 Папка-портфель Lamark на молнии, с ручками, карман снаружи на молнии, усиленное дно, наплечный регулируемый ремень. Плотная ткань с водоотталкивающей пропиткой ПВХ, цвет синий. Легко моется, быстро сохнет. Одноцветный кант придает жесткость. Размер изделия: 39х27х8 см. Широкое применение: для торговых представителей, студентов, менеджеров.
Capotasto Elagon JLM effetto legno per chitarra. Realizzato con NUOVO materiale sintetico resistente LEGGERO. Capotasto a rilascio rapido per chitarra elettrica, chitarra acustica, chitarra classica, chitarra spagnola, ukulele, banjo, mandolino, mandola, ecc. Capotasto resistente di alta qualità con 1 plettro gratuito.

---

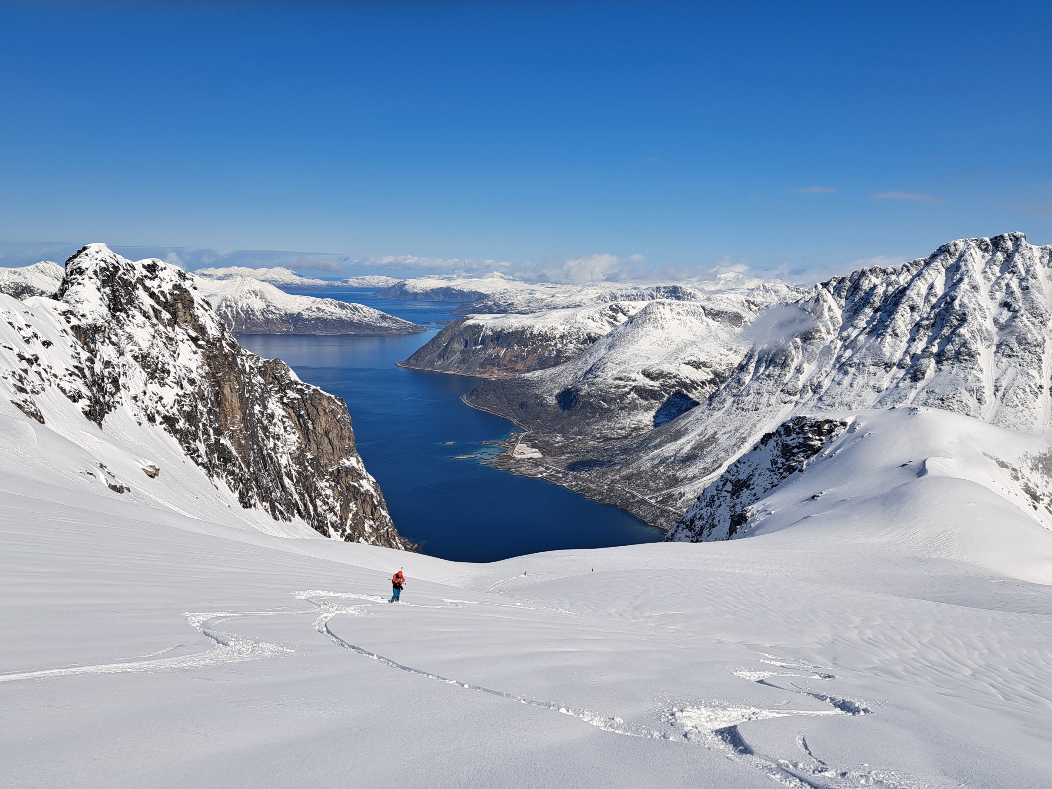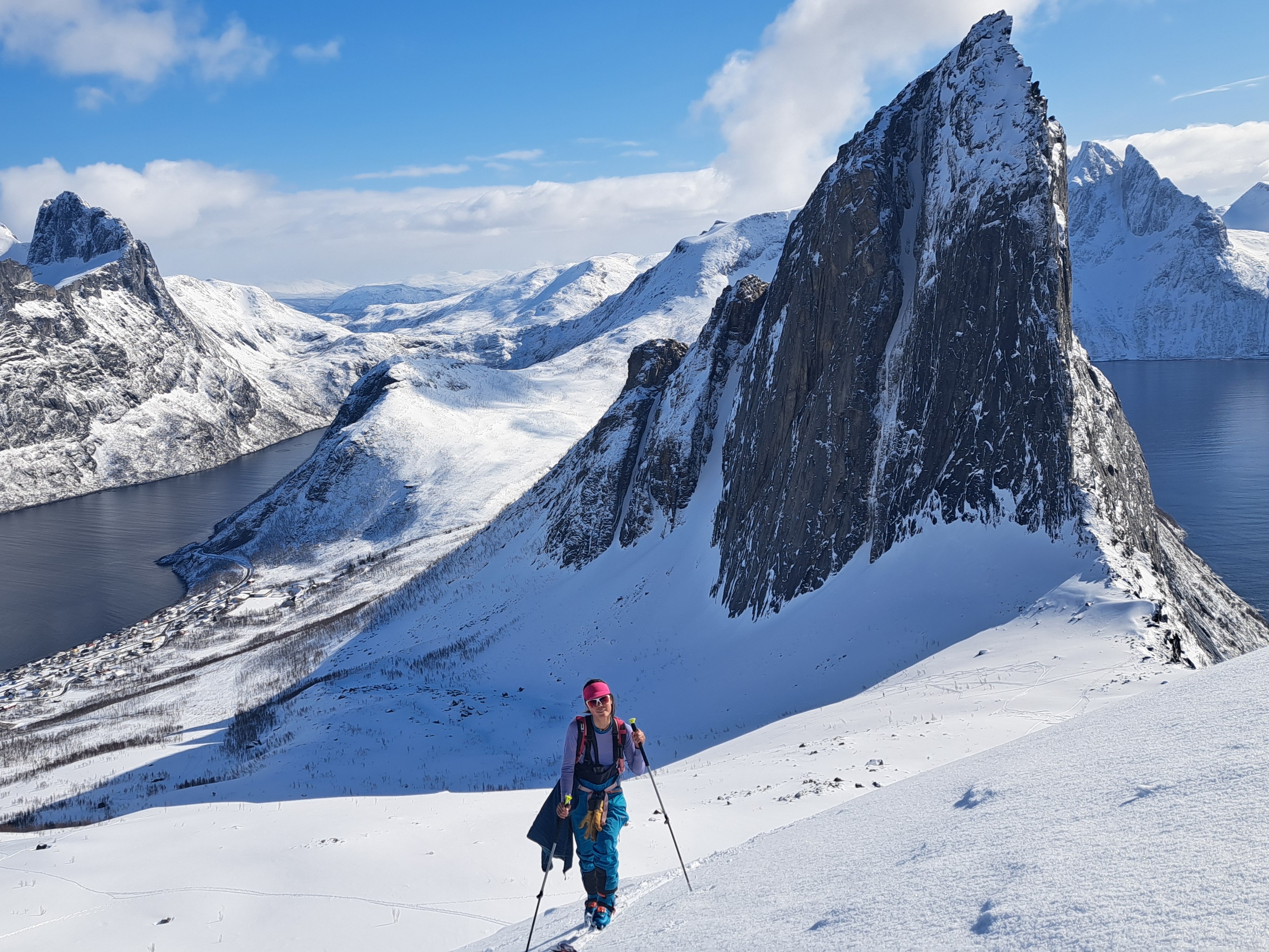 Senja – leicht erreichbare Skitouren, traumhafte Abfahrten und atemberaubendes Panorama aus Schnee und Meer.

_Assignment_
After locating the line with "Папка-портфель Lamark на" in the material above, return it and each line after it exactly, ending at the line with "Capotasto Elagon JLM".

_Exercise output_
 Папка-портфель Lamark на молнии, с ручками, карман снаружи на молнии, усиленное дно, наплечный регулируемый ремень. Плотная ткань с водоотталкивающей пропиткой ПВХ, цвет синий. Легко моется, быстро сохнет. Одноцветный кант придает жесткость. Размер изделия: 39х27х8 см. Широкое применение: для торговых представителей, студентов, менеджеров.
Capotasto Elagon JLM effetto legno per chitarra. Realizzato con NUOVO materiale sintetico resistente LEGGERO. Capotasto a rilascio rapido per chitarra elettrica, chitarra acustica, chitarra classica, chitarra spagnola, ukulele, banjo, mandolino, mandola, ecc. Capotasto resistente di alta qualità con 1 plettro gratuito.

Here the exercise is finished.